Сквозь решетку отстегнули кандалы — все по очереди выбирались, спрыгивая на каменную брусчатку. Енька выбрался последним, пошатываясь — Добрахх сразу подхватил, придерживая за плечи. Рев толпы возрос — на каменные плиты снова зашлепало гнилье…
— Прошу.
Как ни странно — к лестнице на стену. По-видимому, во избежание волнений в городе их решили определить в крепостную башню, под охрану гарнизона. Логично, учитывая пылкую любовь горожан. Крутые ступени казались бесконечными, капитан практически тащил на себе, хоть и сам ослабел от голода. Затем дорога вдоль зубьев — с высоты замечательный вид на улланские степи, с паутиной тропинок и дорог…
Квадратное помещение, с единственным узким окошком, выходящим на площадь. Одно деревянное ведро для нужды. Плевать, что в камере и женщины, и мужчины. Голый пол, голые стены. Обрывки цепей и деревянные подпорки, для укрепления от баллист. Все.
— Господа! — последним заглянул невысокий полный господин, в расшитом золотом камзоле. — Вам не придется долго страдать. Приказ наместника, герцога Натиуса, во избежание волнений завершить как можно скорее, — оглядел всех, будто ожидая всеобщего ликования. — Казнь рано утром. Глава города лично посетит перед выходом. Будут пожелания?
— Здесь есть невиновные, — сделала попытку хозяйка.
— Сожалею, ваша милость, — скорбно покачал головой господин. — Приговор будет зачитан перед казнью.
— Даже маленькая девочка?! — закричала, не выдержав, Беатрис.
Расшитый камзол тяжело вздохнул, со страданием поглядев на малышку, затем задрал глаза к потолку. Всем видом показывая — не по его вине сей гадкий час.
— Воды, — попросил Енька.
— Конечно, — с готовностью согласился господин. — Вот только… — оглянулся на единственное ведро в камере. — В последнюю ночь в уборную не выводят, сами понимаете.

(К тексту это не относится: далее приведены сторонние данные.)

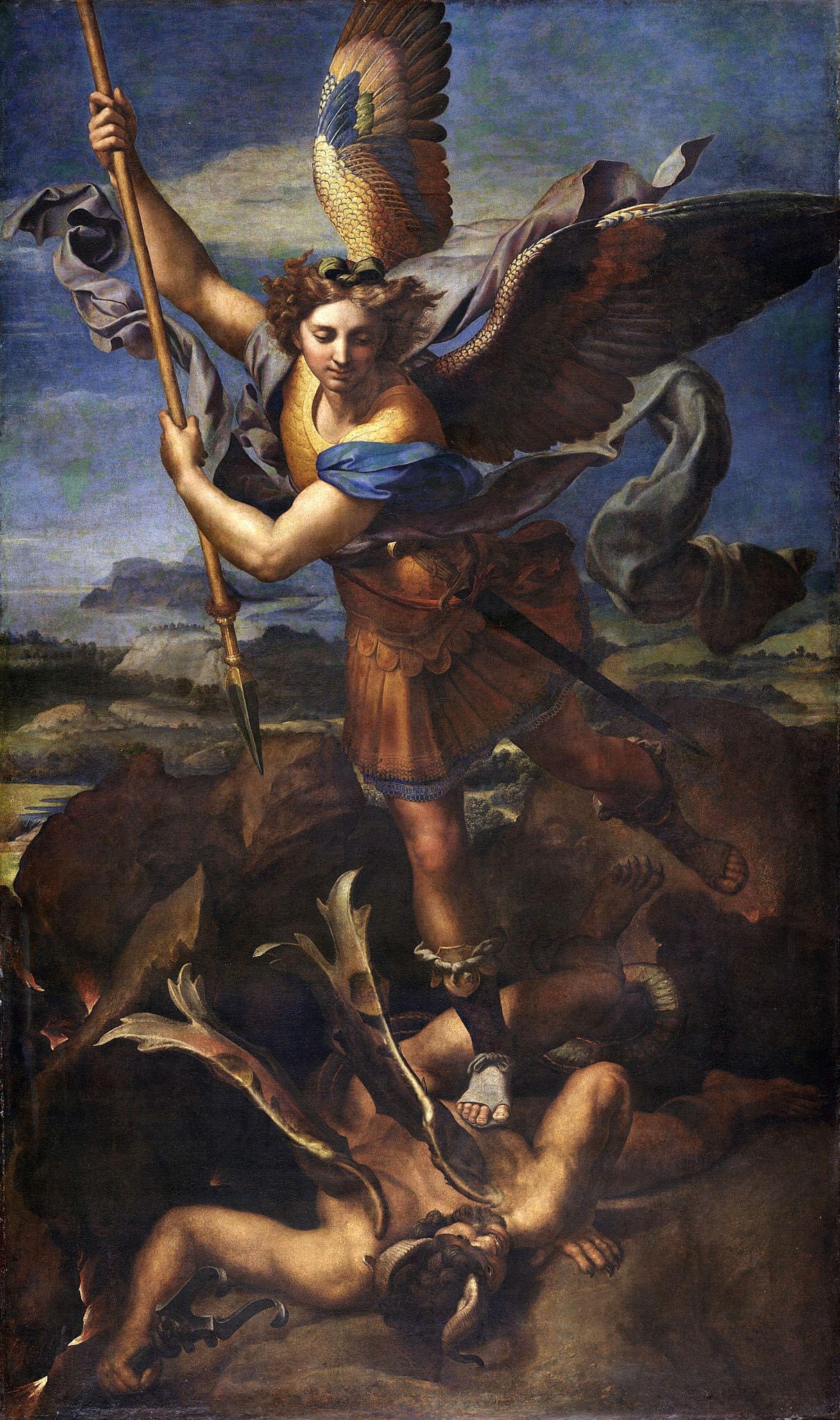 Michael is Hebrew for “who is like God?”, or “Quis ut Deus?” in Latin, which was the archangel’s zealous response to Satan’s prideful declaration “Non serviam”, or “I will not serve”. Michael’s name thus served as the battle cry of the heavenly hosts as they cast the fallen angels out of heaven. Michael himself, commander of the celestial army, was the primary guardian of the Israelites, and now of the Catholic Church. He is also the guardian angel of the Papacy, a patron of soldiers and policemen, and a great protector of the sick. Michael is often depicted holding a set of scales, for he accompanies each departing soul to their particular judgment, and will weigh the souls on Judgment Day. Today’s date marks the anniversary of the dedication of the Basilica of St. Michael on Mt. Gargano in Italy. Though all the angels have always been honored together today, Michael is their prince, and thus today’s feast is known as “Michaelmas”, a shortening of “Michael’s Mass”. In the traditional calendar Michael has a second feast on May 8th, and Gabriel, Raphael, and the Guardian Angels each have their own feast days. Throughout Christendom this day marks the changing of the season from summer to autumn, with many accompanying customs.

Не выводят. Перед казнью осужденный способен на что угодно — кинуться вниз головой, или упасть на меч… В общем, опорожняться придется при всех. Со стойким ароматом из сосуда. Заботливые.
— Нет пожеланий, — завершила беседу старшая леди.
— В таком случае, это вам, — франтоватый чиновник протянул сложенный листок бумаги. — От отца. Герцога Реомейского.
Мать недоверчиво приняла письмо, с удивлением разглядывая печать и подпись…
— Да упокоятся ваши души, господа, — поклонился всем господин. — Быстрого безболезненного конца.
Дверь, лязгнув, закрылась. Все огляделись, опускаясь на пол. Еньку немедленно прижал к груди Добрахх…
— Не думай о плохом, — мягко шепнул в ухо успокаивающий голос. — Все случится быстро и хорошо. Оглянуться не успеешь, а вокруг Даида…
Енька криво усмехнулся — не сильно страшился конца. Больше обидно… За малышку. За чертову нескладную жизнь…
Не успел ничего — ни бабского, ни мужского. Зачем было все? Освещенная фигура Аваатры, в храме…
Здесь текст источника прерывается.